Comme a pu le dire si justement Derrida, il lui faudra maintenant « vivre avec une image de plus qui (le) regarde et parcourt le monde »... Car portraiturer un visage ne saurait se réduire à un acte neutre, sans conséquence : accepter de se laisser photographier, c’est choisir, au-delà du masque social, d’abandonner, ne serait-ce qu’un moment, armes et bouclier, c’est consentir à donner, sinon la vérité, du moins une des vérités de ce que l’on est. Et photographier l’Autre, c’est instituer une zone de retrait où quelque chose d’essentiel va pouvoir se nouer de part et d’autre de l’objectif.
C'est n'être plus qu'un regard en attente, un regard attentif, "intéressé par l'instant dans le silence" (J.Salmon), c'est enfin être capable de cette conduite paradoxale qui caractérisait aussi, quoique sur une autre modalité, Richard Avedon : le don d'une énergie intense qui est aussi, et dans le même temps, effacement de soi, conscience d'une responsabilité.
Effacement, refus du décor et de la distraction, austérité : on pourrait être tenté d'en référer aux portraits de l'école de Düsseldorf, à Thomas Ruff ou Thomas Struth. Il n'en est rien. Car là où certains épinglent des inconnus comme des papillons, alignés à la suite les uns des autres selon une méthodologie qui emprunte doublement aux sciences sociales et à un certain conceptualisme, J.Salmon choisit certes une esthétique de l'effacement, mais privilégie toujours le fragile miracle d'une rencontre, la vérité d'une relation qui s'est jouée à deux. Davantage encore : elle ne conçoit pas l'acte photographique sans un accompagnement de notes et de réflexions, ni surtout sans l'effort fait pour aller vers l'Autre. Convaincre, se déplacer, voyager, apprivoiser un visage, un lieu, une histoire, font partie intrinsèque de l'acte de portraiturer. Point de portrait sans effort, y compris physique : sans cette fatigue dont, récemment, Peter Handke écrivait le si bel éloge ...

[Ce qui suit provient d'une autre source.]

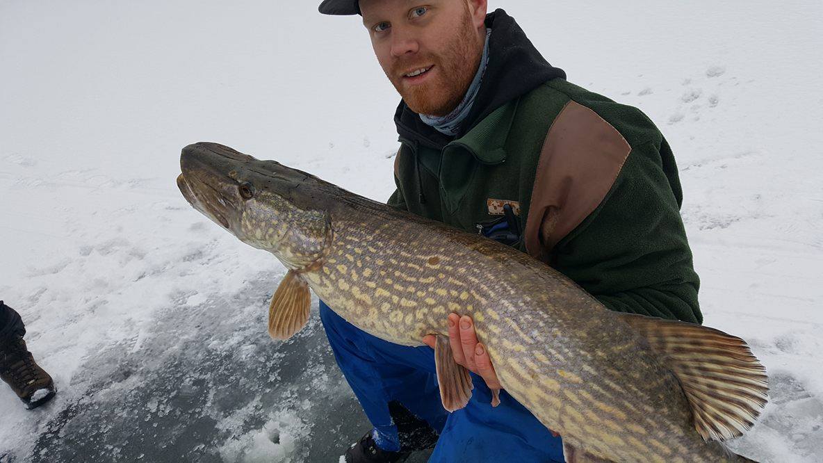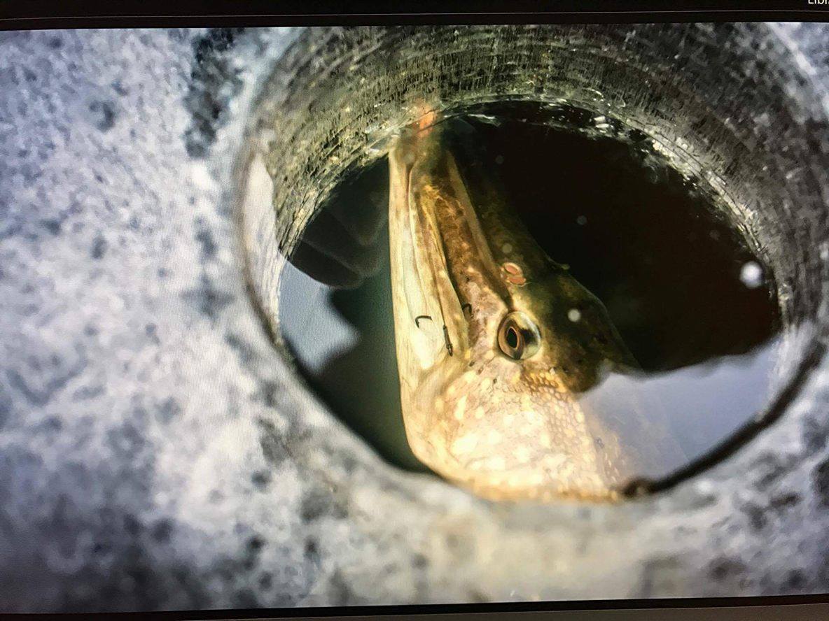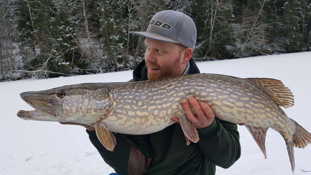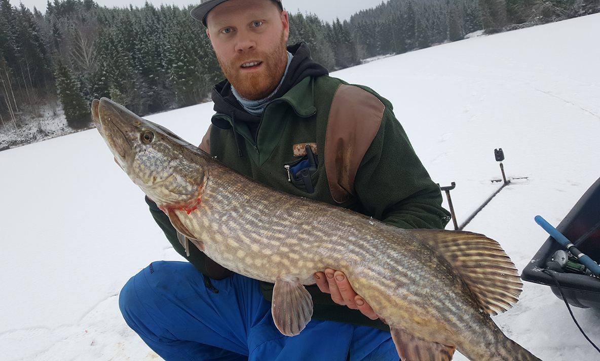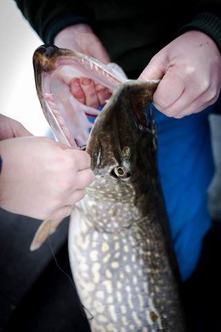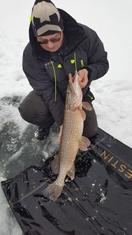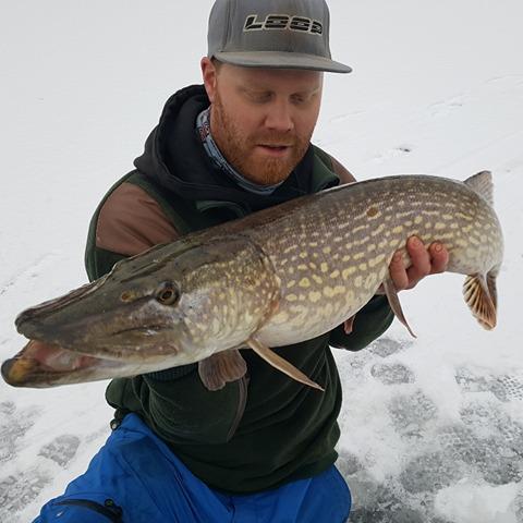 vi er inne i februar, da måtte jeg ut etter gjedda denne helgen. Lørdagen startet voldsomt bra med at jeg forsov meg på mårran. Brodern ringte og sa hvor f er du hen a. Brå våknet og heiv ting i bilen. Løp ned på isen og rett over kl 9 var stengene satt. Denne plassen leverer helt klart best fra lysninga til kl 12. Slik var det også denne gang. Det river til på første stanga jeg satt. Ei tung flott gjedde i andre enden dro forbi hølet..ga fra seg en god fight og opp på ligge underlaget fikk vi ho. Målte ho til 103cm med ei vekt på 8.56kg.mens vi holdt på med vekt og bilder river det til på stang 2. Opp kom ei gjedde på 98cm og rundt 6kg. Denne veide vi ikke for ble litt kaotisk der. Fort opp ett par bilder og ut svømte di en etter en. Med pulsen i 100 satt vi oss ned med en kaffekopp og stang nr 3 piper rolig og pent avgårde. Nok en tung gjedde sitter og viser seg i hølet. Den tippa jeg til 8-9kg. Lengda strakk seg tell 106cm og 8.93kg. Hærlig. Innen klokka var 11 hadde vi 5 gjedder på isen. Jeg var dum ei stønn og prøvde å avkroke ei gjedde uten tang. Tok navan nedi kjeften etter kroken. Da klemma gjedda igjen og hånda var låst fast skikkelig.her ble det mye blod og hard lærdom. Takk for hjelpa Henrik og Tommy. Tommy og ann-louise. (Bror og dama) gikk litt med balansen å lugga opp noen abbor. Henrik Johansen dukket også opp. Dette er en gutt som vet hva han driver med når det kommer til photo. Fikk knipsa noen fine bilder i løpet av dagen. Her er det ikke spart på utstyret

Ainsi, entre un visage, un lieu, le regard de J.Salmon et le nôtre se tissent ce que l’on pourrait appeler des affinités électives : entre le visage austère de Merce Cunningham, le radicalisme de la maison de Mies van der Rohe à Krefeld qui lui fait écho et l’ascétique dépouillement des chorégraphies dont chacun de nous garde le vivant souvenir. Entre l’âpreté des énonciations conceptuelles de Lawrence Weiner et ces blocs erratiques qui, sur la partie droite du diptyque, scandent la nudité du désert. Entre le regard aiguisé dont l’intelligence embrase le visage de Jacques Derrida, l’éclat blessant de la saline de Giraud, comme entre les traces, empreintes et sillons qui creusent l’absolue blancheur du sel et les rides qui barrent profondément le front, dessinent comme une étoile autour des paupières, griffent les joues.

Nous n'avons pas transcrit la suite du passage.